Relative dating is used to arrange geological events, and the rocks they leave behind, in a sequence. The method of reading the order is called stratigraphy (layers of rock are called strata). Relative dating does not provide actual numerical dates for the rocks.
Next time you find a cliff or road cutting with lots of rock strata, try working out the age order using some simple principles:
- Sedimentary rocks are normally laid down in order, one on top of another. In a sequence, the oldest is at the bottom, the youngest is at the top. This is the principle of ‘superposition’.
- Most sedimentary rocks are laid down in flat (horizontal) layers, although these can later tilt and fold. This is the principle of ‘horizontality’.
- Layers of sedimentary rock extend sideways in the same order. A later event, such as a river cutting, may form a gap, but you can still connect the strata. This is the principle of ‘lateral continuity’.
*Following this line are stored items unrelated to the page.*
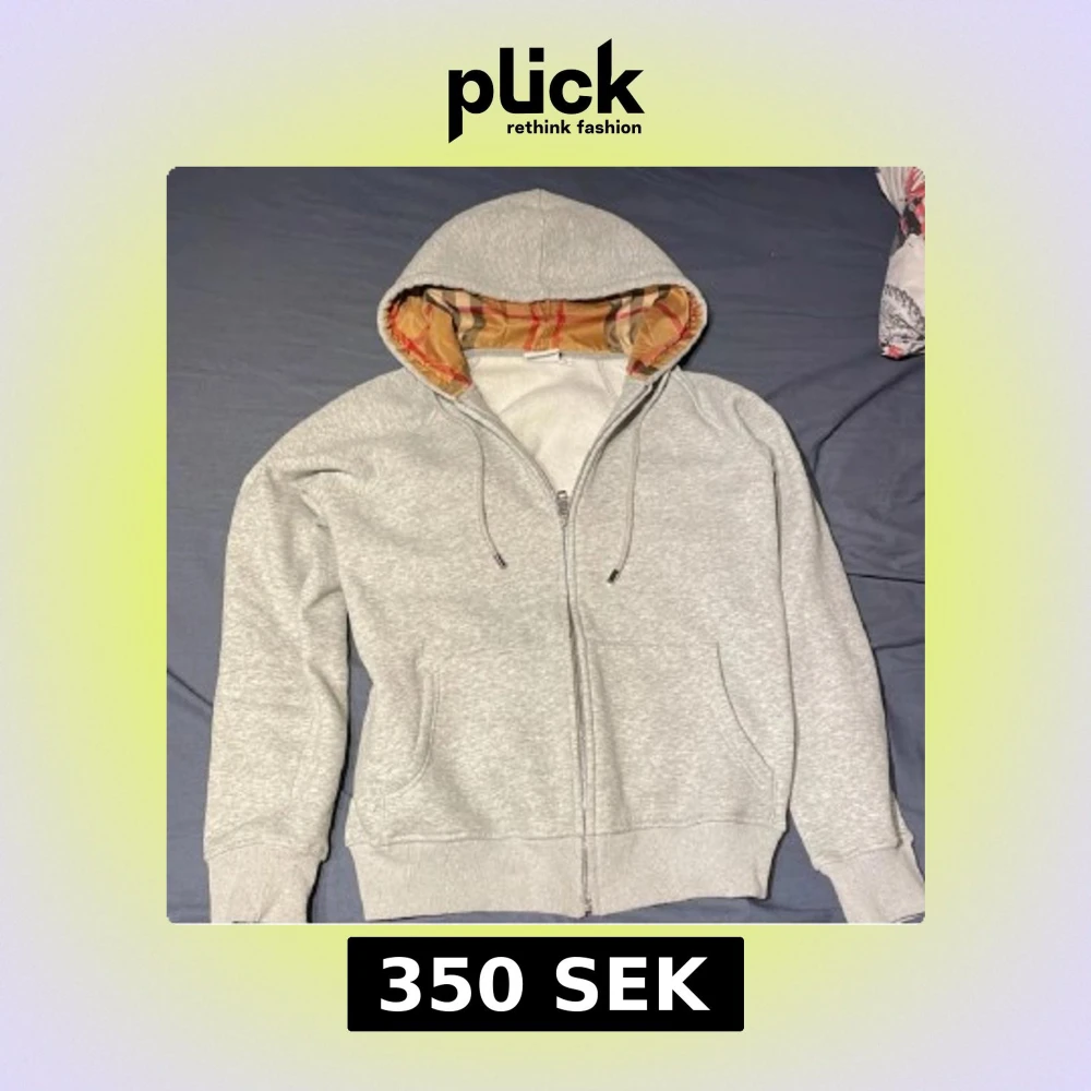 Säljer en grå hoodie med klassiskt rutigt foder i huvan. Tröjan har snörning vid huvan, två fickor fram och hel dragkedja. Perfekt för dig som vill ha en stilren och lyxig look med en touch av Burberrys ikoniska mönster.
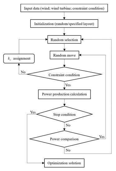 The RS algorithm was proposed by Feng and Shen [16] to seek the optimal layout of a wind farm. It optimizes the wind farm layout iteratively by moving a randomly chosen wind turbine from its original position to a new position step by step.
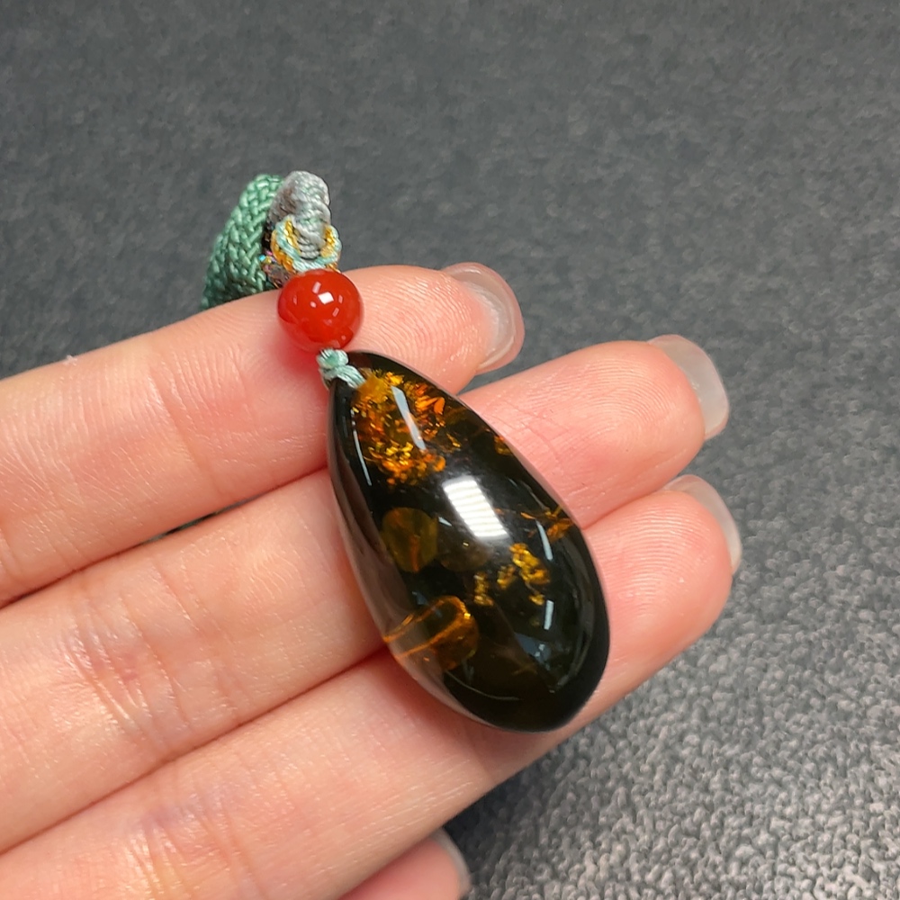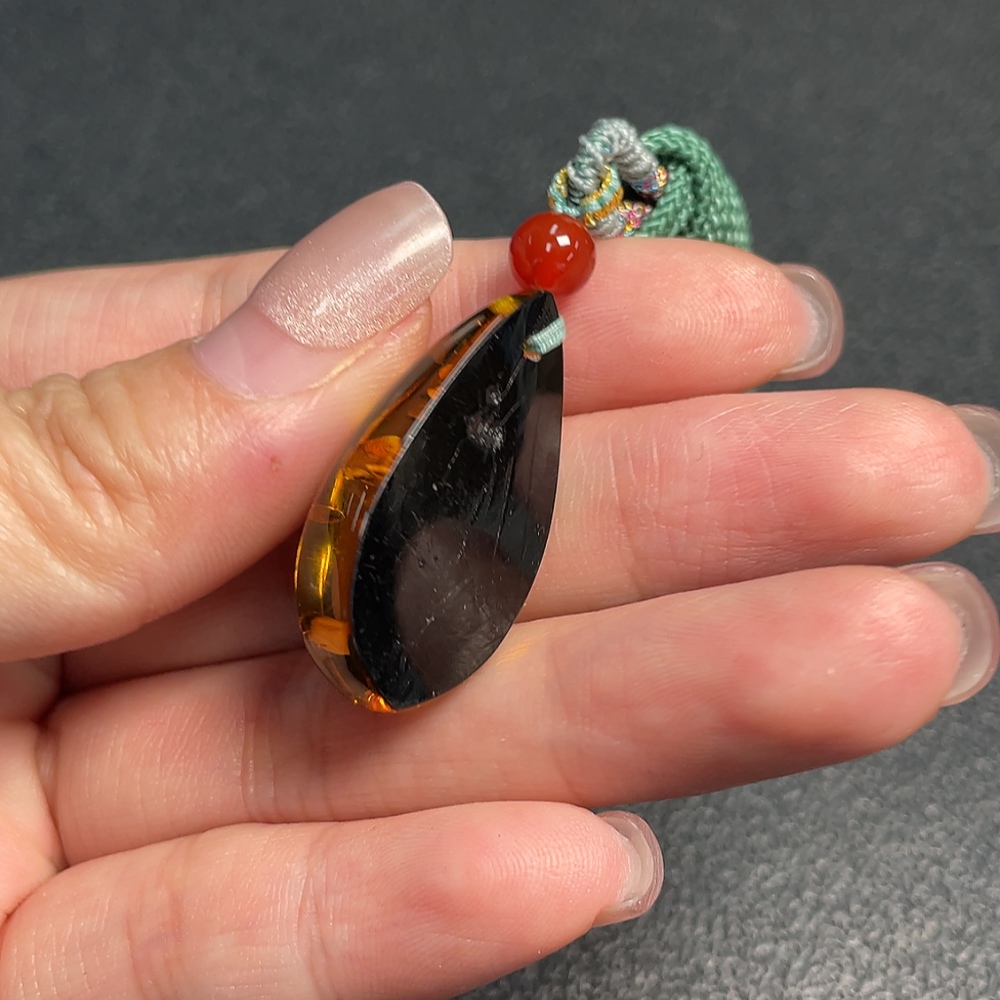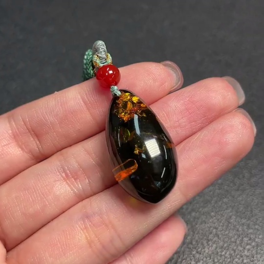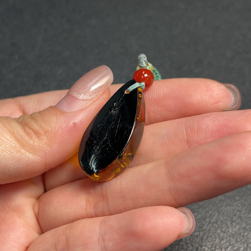 Amber beeswax pendant, total product weight approx. 4.79g including rope

Fossils and relative dating
Fossils are important for working out the relative ages of sedimentary rocks. Throughout the history of life, different organisms have appeared, flourished and become extinct. Many of these organisms have left their remains as fossils in sedimentary rocks. Geologists have studied the order in which fossils appeared and disappeared through time and rocks. This study is called biostratigraphy.
Fossils can help to match rocks of the same age, even when you find those rocks a long way apart. This matching process is called correlation, which has been an important process in constructing geological timescales.
Some fossils, called index fossils, are particularly useful in correlating rocks. For a fossil to be a good index fossil, it needs to have lived during one specific time period, be easy to identify and have been abundant and found in many places. For example, ammonites lived in the Mesozoic era. If you find ammonites in a rock in the South Island and also in a rock in the North Island, you can say that both rocks are Mesozoic. Different species of ammonites lived at different times within the Mesozoic, so identifying a fossil species can help narrow down when a rock was formed.
Correlation can involve matching an undated rock with a dated one at another location. Suppose you find a fossil at one place that cannot be dated using absolute methods. That fossil species may have been dated somewhere else, so you can match them and say that your fossil has a similar age. Some of the most useful fossils for dating purposes are very small ones. For example, microscopic dinoflagellates have been studied and dated in great detail around the world. Correlation with them has helped geologists date many New Zealand rocks, including those containing dinosaurs.